Tous les animaux de ce projet seront utilisés afin de générer un effectif suffisant pour permettre de réaliser l’étude expérimentale qui sera basée sur l’utilisation d’animaux porteurs des deux exemplaires de la mutation. Les animaux seront donc utilisés soit pour la gestion de l’élevage soit pour la réalisation des projets en « utilisation continue ». Les animaux trop âgés pour la reproduction ou sans génotype d’intérêt seront mis à mort.
Application de la règle des "3R"
1. Remplacement
Les études humaines in vitro sur cultures cellulaires ont donné des informations sur les mécanismes moléculaires liant les mutations entre les 2 gènes d’intérêt dans cette étude mais ne permettent d’établir un lien clair entre stress cellulaire et déclenchement ou maintien de ces mutations, ni d’en comprendre les conséquences sur l’organisme. Ainsi, les études nécessitent un modèle animal intégrant les dimensions métaboliques, comportementales, inflammatoires et hormonales. A ce jour, aucune autre approche expérimentale (en laboratoire ou via l’informatique) ne permet de reproduire ces interactions de manière fonctionnelle et intégrée. Une approche sur animal entier est indispensable pour étudier ces mécanismes dans leur globalité.
2. Réduction
Le nombre d’animaux nécessaire aux phases expérimentales suivante est déterminé à l’aide d’un logiciel spécifique permettant de réaliser des études statistiques qui tiennent compte des facteurs génotype et sexe afin de déterminer les effectifs nécessaires et suffisants pour obtenir des données statistiques fiables. Ces effectifs sont donc fixés à 35 animaux par groupe d’étude. L’effet attendu sur le phénotype homozygote (i.e. possédant deux exemplaires du gène muté) est fort, sur la base des données obtenues précédemment chez la souris mutante pour le gène d’intérêt tandis que le génotype hétérozygote a un effet physiopathologique peu marqué. Le nombre de souris maintenues dans l’élevage est strictement limité afin de préserver leur fertilité et de minimiser les risques de perte des modifications génétiques lors des croisements successifs. Ce nombre a été calculé pour garantir un effectif suffisant à la fois pour la pérennité de l’élevage et à la fois pour produire les animaux impliqués dans la partie expérimentale. L’élevage se concentre exclusivement sur les lignées utiles à la recherche.
3. Raffinement
La gestion de la lignée mutante hétérozygote ne présente pas de phénotype dommageable et aura lieu dans un établissement utilisateur d’animaux à des fins scientifique ayant un statut sanitaire bien contrôlé. La biopsie de queue sera réalisée selon une méthode éprouvée, précise, rapide et standardisée qui limite les effets indésirables stress/douleurs, couplée à une anesthésie locale au moment du prélèvement. Les animaux seront ensuite surveillés quelques minutes pour vérifier la bonne cicatrisation et la reprise d’une activité motrice normale.
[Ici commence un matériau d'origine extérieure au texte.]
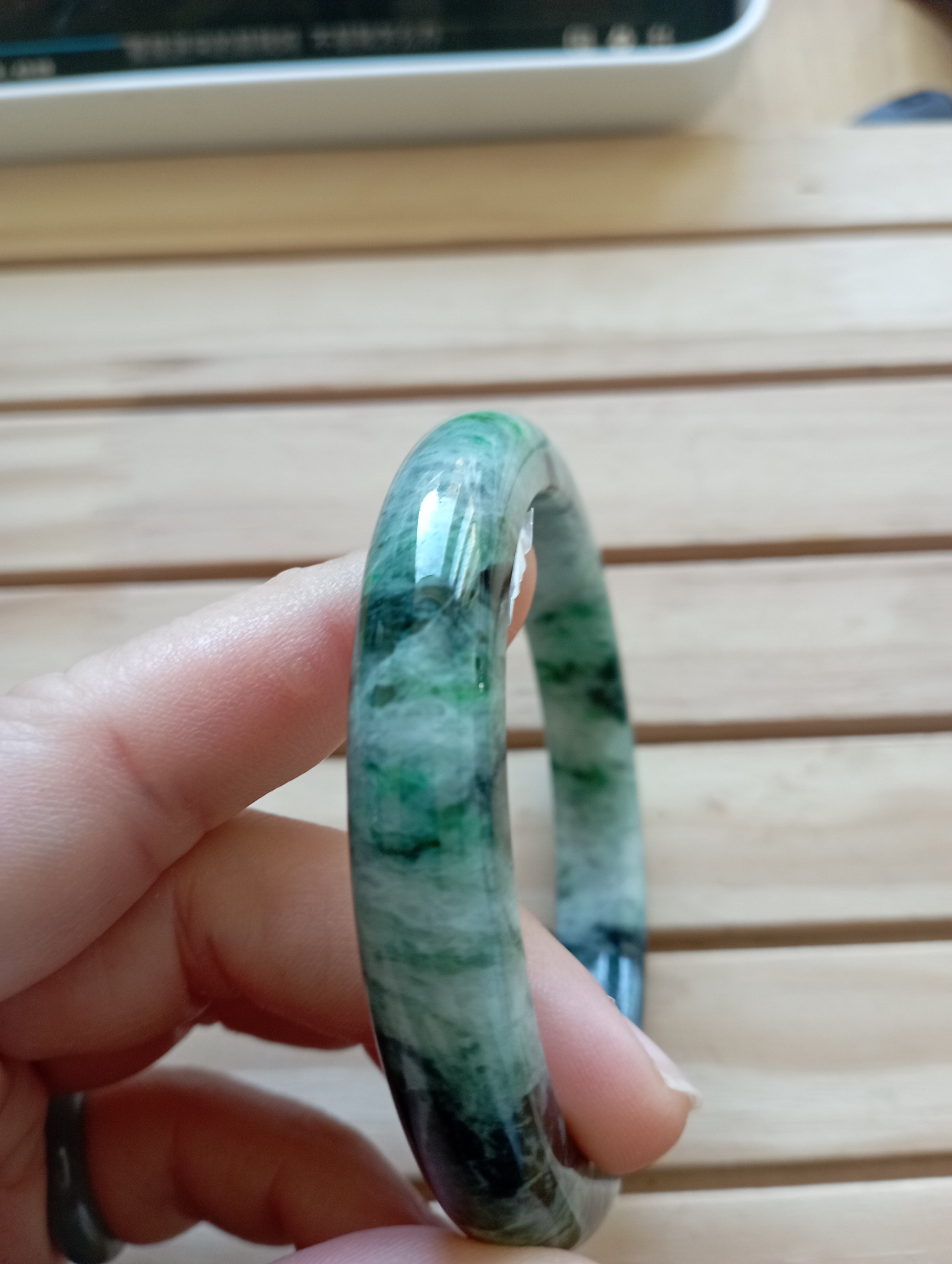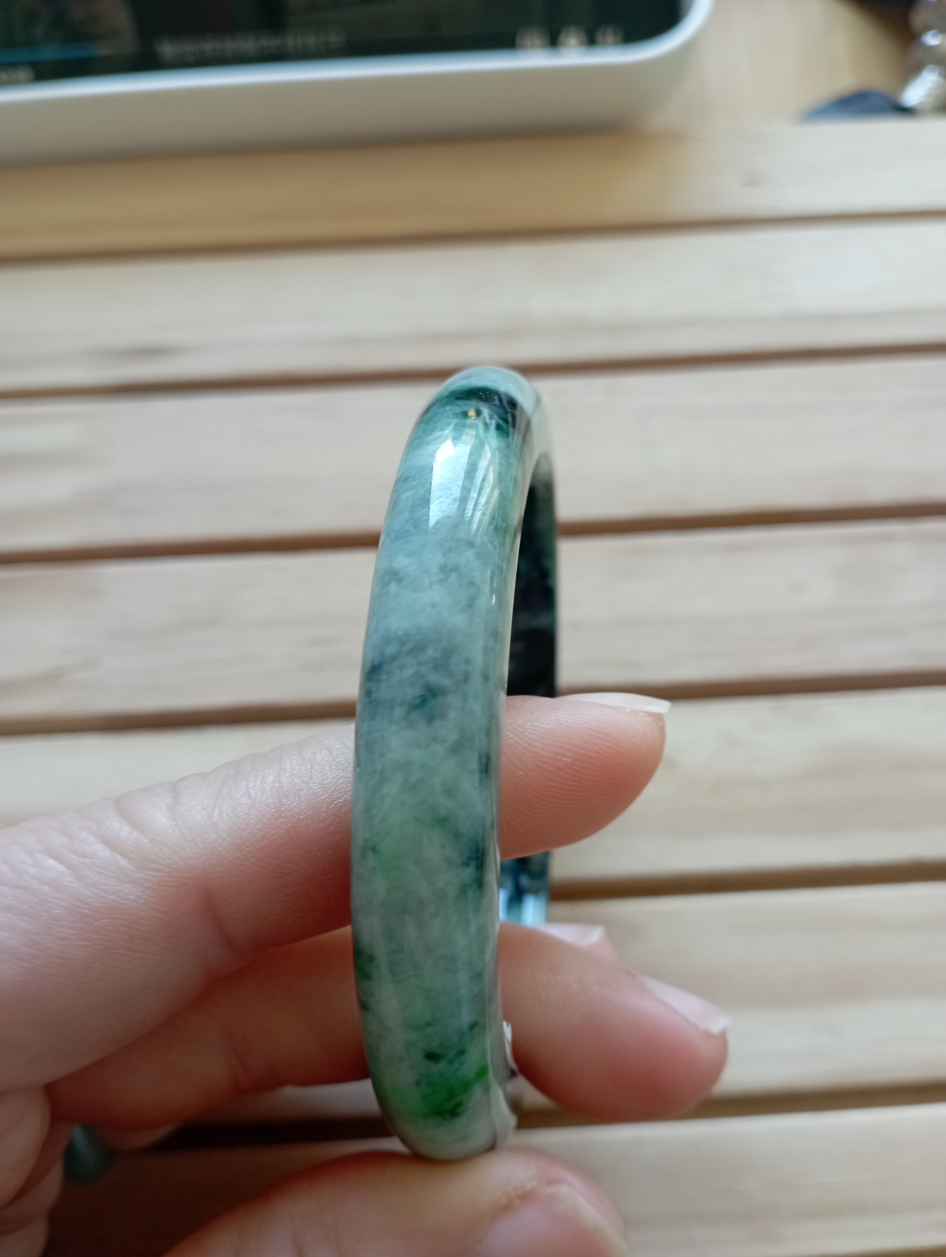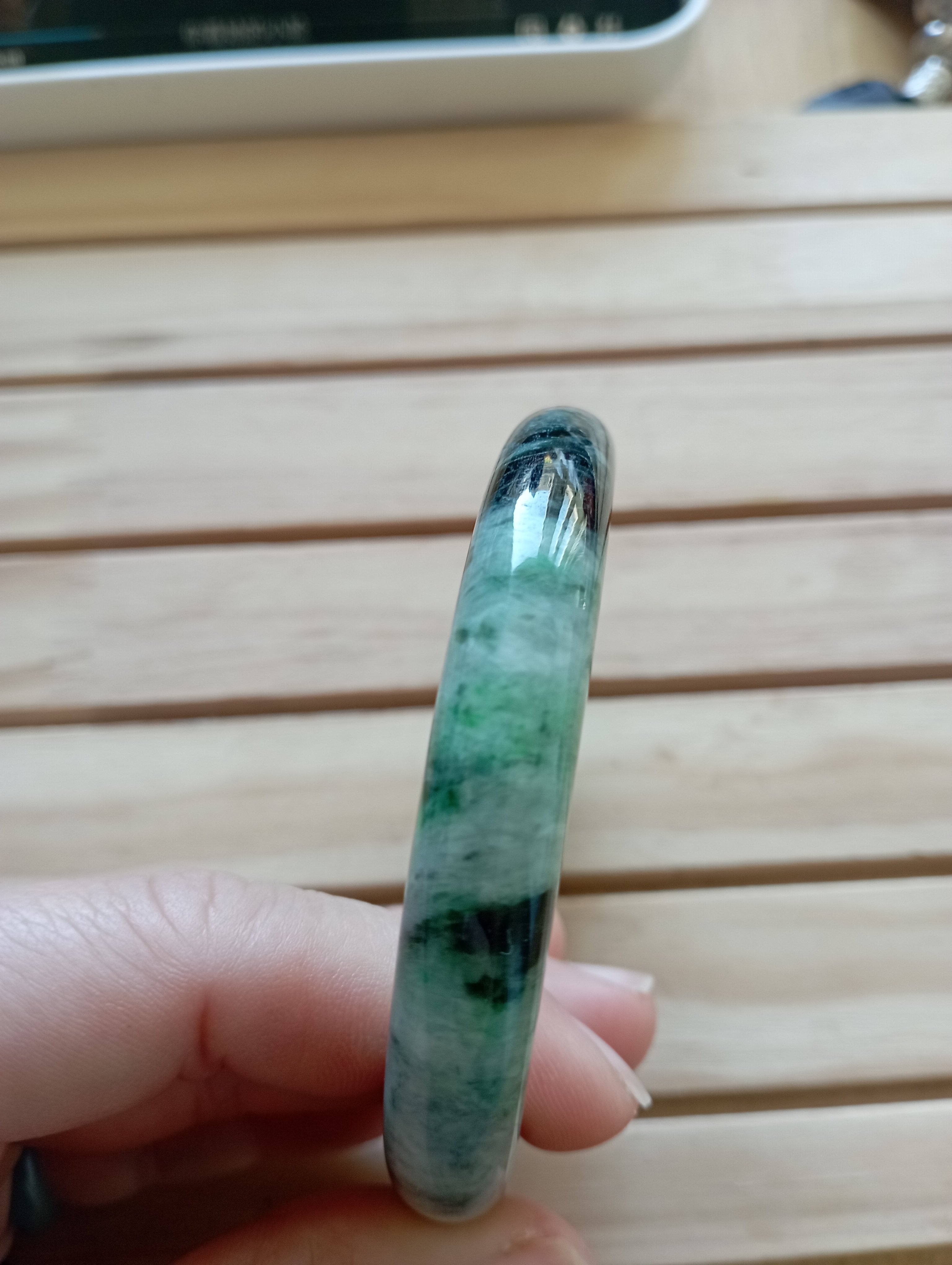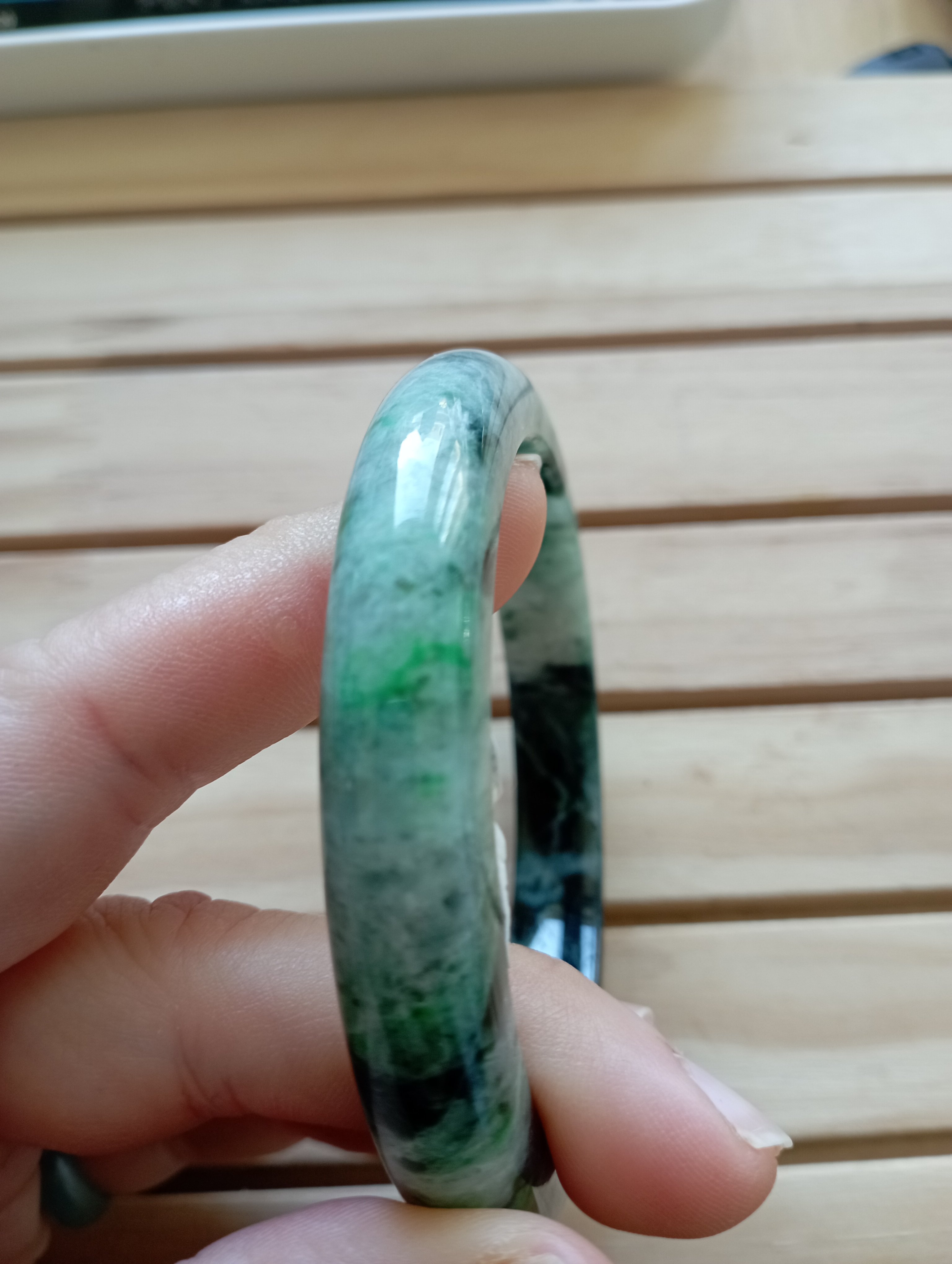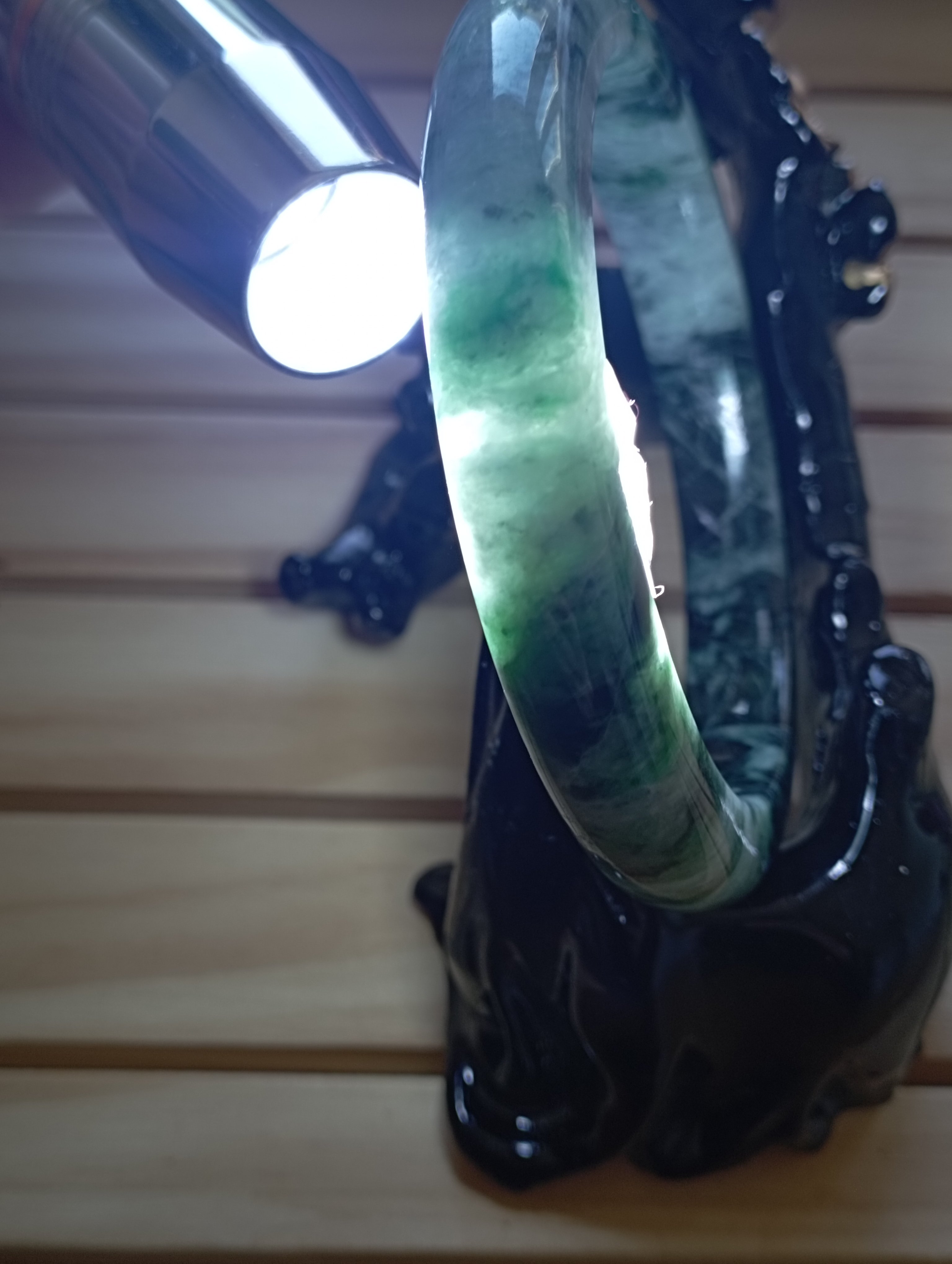 Lovely jadeite full green bangle with dark blooms. The lights can shine through the light green area but not the darker blooms. The dark area has surface lines but smooth to the touch. There are no obvious cracks. Bargain for this quality at £149 measures 57.8 X 10.6 X 9.2mm. comes with a certificate of authenticity.

Expliquer le choix des espèces et les stades de développement y afférents.
Ce projet nécessite la génération et la gestion d’un modèle murin génétiquement modifié porteur d’une séquence humaine qui n’existe pas chez la souris. La souris constitue l’espèce modèle de référence pour ce type d’approche, en raison de sa facilité de reproduction, de la disponibilité d’outils génétiques adaptés et à la validation internationale des protocoles métaboliques et comportementaux. Pour étudier les effets d’une mutation spécifique du gène Prdx1 comme celle observée chez certains patients, il est nécessaire d’utiliser un modèle animal qui reproduit cette mutation. Cela permettra de mieux comprendre ses conséquences sur la santé. La lignée de souris utilisée ici a été spécifiquement développée pour reproduire le contexte génétique humain de façon ciblée. Les adultes reproducteurs seront utilisés à maturité sexuelle (8-10 semaines d’âge) pour réaliser les accouplements nécessaires à la production des portées expérimentales tout au long du projet. Les souris seront génotypées à l’âge de 3 semaines à partir d’un prélèvement de poils ou à J7 si la biopsie de queue s’avère nécessaire, puis sevrées à l’âge de 21 jours.